History is a strait jacket. Its trajectory brought forth the "settlements" and these "facts on the ground" must be recognised by all interested parties and accepted as to their power and persistence if any move toward the elusive goal of peace is to be successful. That is a hard and quite brutal truth. So is much of the history of the world. As the old cliche goes: "Read it and weep."

The Obama administration's current emphasis on ending "natural growth" as a confidence and trust building mechanism which will bring some sort of positive response from the Arab states and Palestinian population is both a wilful misunderstanding of the power of historical trajectories and doomed to fail. The reality is that the Obama crew must take the "facts on the ground" and the history which called them into existence as they are and not as the Nice Young Man From Chicago might wish them to be and have been.
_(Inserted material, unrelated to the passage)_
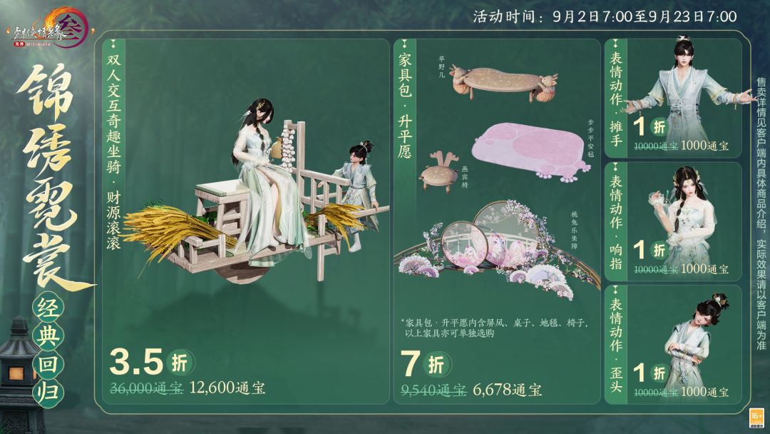 ● 往期“锦绣霓裳”奖励回归,双人奇趣坐骑“财源滚滚”和精美家具包,以及多种表情动作同步上线,不要错过哦!

The "natural growth" controversy now raising great quantities of smoke and giving no light on a complex problem is one example among many of the futility of pretending history never existed or, if it did, it should not have any influence on the present. The "natural growth" affray is an example in miniature of why diplomacy requires not simply a policy consistently followed for success.

Unless and until Mr Obama and his coterie come to understand the ongoing power of history in the affairs of nations, he is best off swatting flies on TV. It's a lot easier and far more personally rewarding than trying to swat nation-states into compliance with the American view of the perfect world.